Multi-cloud computing is the new normal, and CISOs need to remember that as they determine how best to structure and maintain their cloud security strategy.
That’s according to a new checklist at CSO of the top things CISOs need to remember in the age of cloud computing.
Second on the list is the recognition that cloud security is often an “ambiguously shared” responsibility. “While Infrastructure-as-a-Service (IaaS) and Platform-as-a-Service (PaaS) cloud vendors are responsible for securing their cloud infrastructures,” the writer notes, “customers are responsible for protecting the applications, websites, environments, and services they run on those cloud environments. Things are a bit different for Software-as-a-Service (SaaS) and Applications-as-a-Service (AaaS) offerings, where the service provider retains the primary responsibility for the security of the software and applications they offer to their customers.”

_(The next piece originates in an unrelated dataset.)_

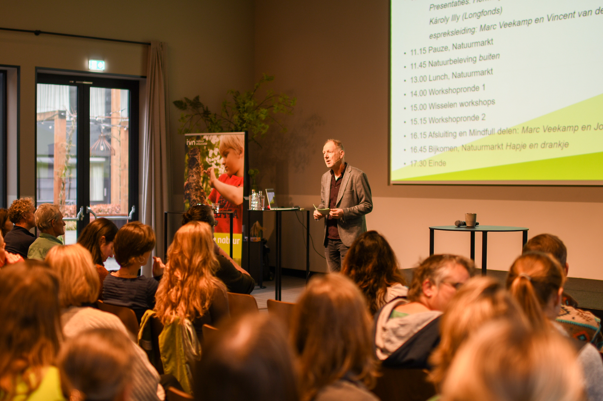 Met gesloten ogen en voeten stevig op de grond, wrijven we in onze handen. Zo horen we de wind. Kloppend op onze bovenbenen lijkt het net alsof het regent. Met ruim 200 deelnemers visualiseren we dat we een bos zijn. Onder leiding van Joris Verhees aarden we in een prachtig conferentiecentrum in de bossen van Lunteren. De Conferentie Kind en Natuur is van start.

Next is the somewhat vexing contention that private and public clouds are the same, but different when it comes to security. The vast majority of organizations access both private and public cloud resources through a hybrid cloud strategy, the writer explains, and “the challenge lies in creating security consistency between these environments. For example, security tools an organization uses internally may not be available as part of a cloud vendor’s security options, which adds another layer of complexity when trying to manage an extended security infrastructure.”

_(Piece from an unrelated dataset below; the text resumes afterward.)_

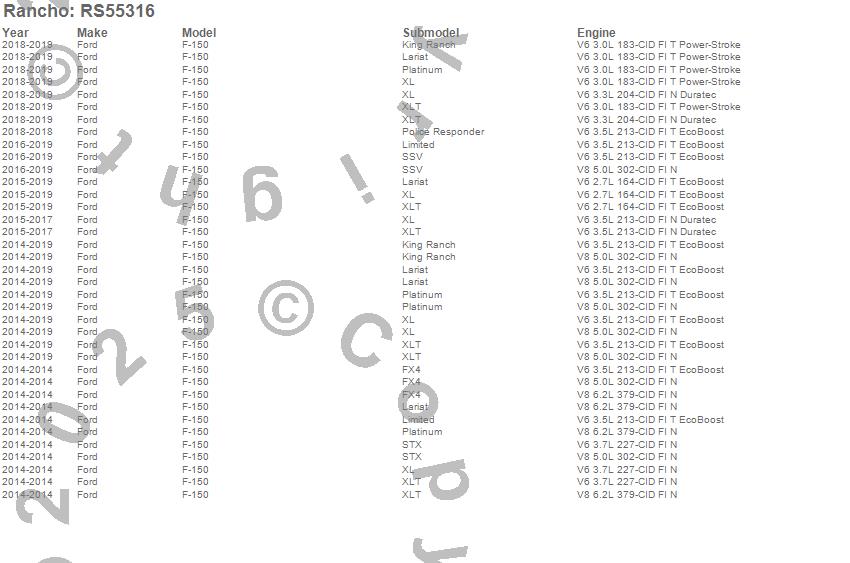 Below is an abreviated list of applications for the RS5000X Series Shock Absorber.

Ideally, the article contends, “end-users should be able to deploy, view, and orchestrate security for both their private and public cloud resources using a common set of tools and single pane of glass management.”
Beyond the top three considerations, CISOs should bear in mind that transparency and centralization are “essential” virtues; that, when it comes to cloud security, security vendor and cloud service provider relationships are critical; that managed security service providers (MSSP) are playing an increasingly important role, and that change is bound to be a constant.
After all, the writer notes, “agility is one of the main reasons customers choose cloud-based solutions. With agility, however, comes a state of constant change in terms of the services, applications, and resources they need.”
As a result, security solutions for multi-cloud environments need to be able to enable organizations to stay ahead of the changing threat landscape.